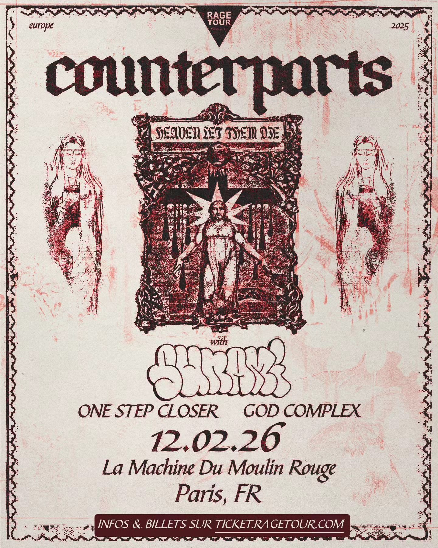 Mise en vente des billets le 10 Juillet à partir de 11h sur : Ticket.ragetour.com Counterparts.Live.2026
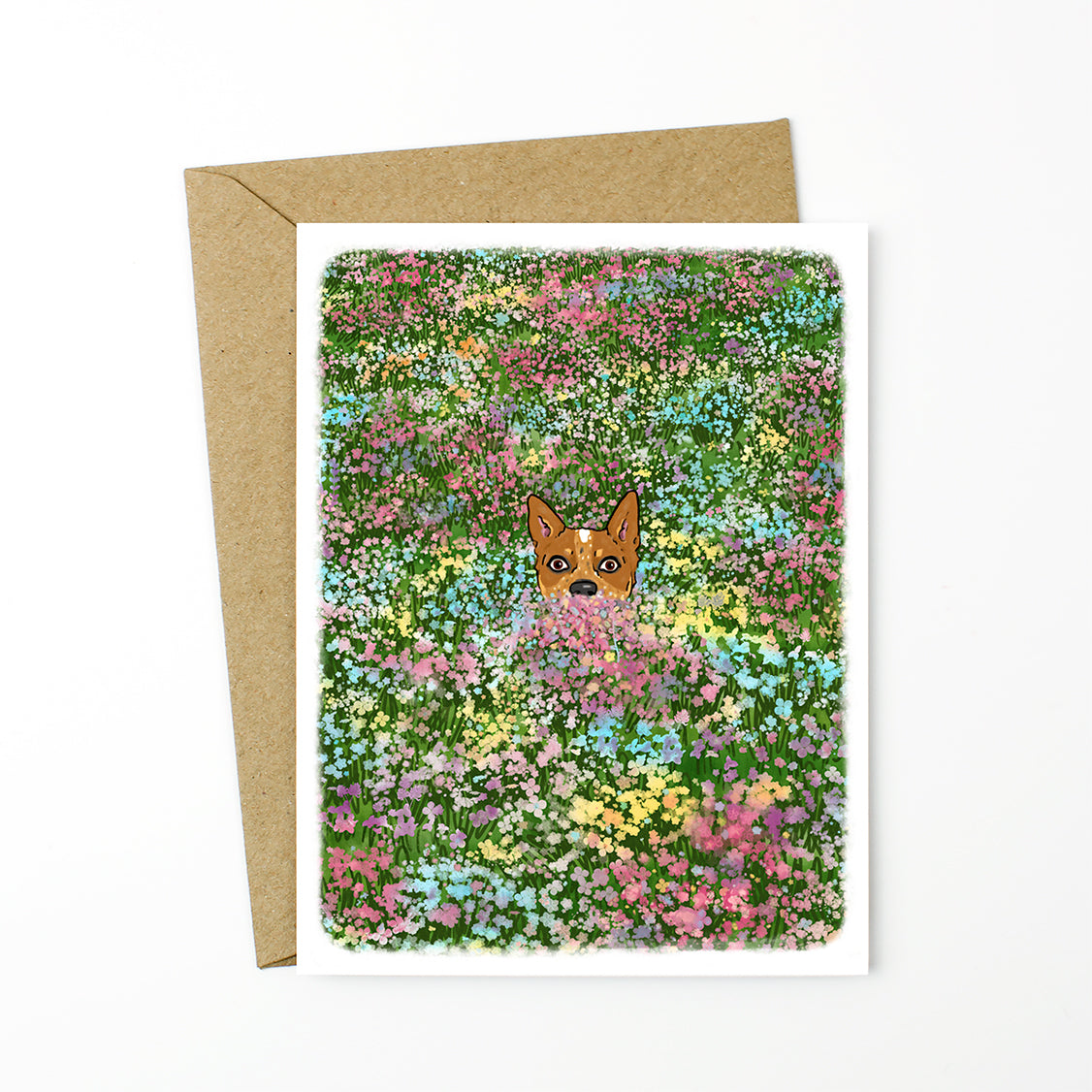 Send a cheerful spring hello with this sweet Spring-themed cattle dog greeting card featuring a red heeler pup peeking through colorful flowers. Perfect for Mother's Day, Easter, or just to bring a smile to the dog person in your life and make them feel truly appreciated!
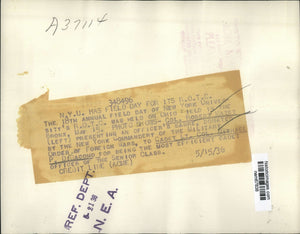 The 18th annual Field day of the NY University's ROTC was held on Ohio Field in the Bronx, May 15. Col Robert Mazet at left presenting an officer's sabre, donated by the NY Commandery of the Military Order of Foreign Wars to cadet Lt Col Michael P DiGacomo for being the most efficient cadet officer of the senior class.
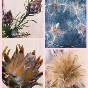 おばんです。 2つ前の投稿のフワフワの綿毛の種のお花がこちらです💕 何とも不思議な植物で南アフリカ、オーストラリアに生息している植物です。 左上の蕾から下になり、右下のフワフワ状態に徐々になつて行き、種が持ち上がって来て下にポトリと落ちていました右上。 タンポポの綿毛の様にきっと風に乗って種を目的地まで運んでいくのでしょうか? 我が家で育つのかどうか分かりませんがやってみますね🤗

**THE PROBLEM**
Set down the whole listing exactly as given, except for the pictures.

**REPLY**
 Mise en vente des billets le 10 Juillet à partir de 11h sur : Ticket.ragetour.com Counterparts.Live.2026
 Send a cheerful spring hello with this sweet Spring-themed cattle dog greeting card featuring a red heeler pup peeking through colorful flowers. Perfect for Mother's Day, Easter, or just to bring a smile to the dog person in your life and make them feel truly appreciated!
 The 18th annual Field day of the NY University's ROTC was held on Ohio Field in the Bronx, May 15. Col Robert Mazet at left presenting an officer's sabre, donated by the NY Commandery of the Military Order of Foreign Wars to cadet Lt Col Michael P DiGacomo for being the most efficient cadet officer of the senior class.
 おばんです。 2つ前の投稿のフワフワの綿毛の種のお花がこちらです💕 何とも不思議な植物で南アフリカ、オーストラリアに生息している植物です。 左上の蕾から下になり、右下のフワフワ状態に徐々になつて行き、種が持ち上がって来て下にポトリと落ちていました右上。 タンポポの綿毛の様にきっと風に乗って種を目的地まで運んでいくのでしょうか? 我が家で育つのかどうか分かりませんがやってみますね🤗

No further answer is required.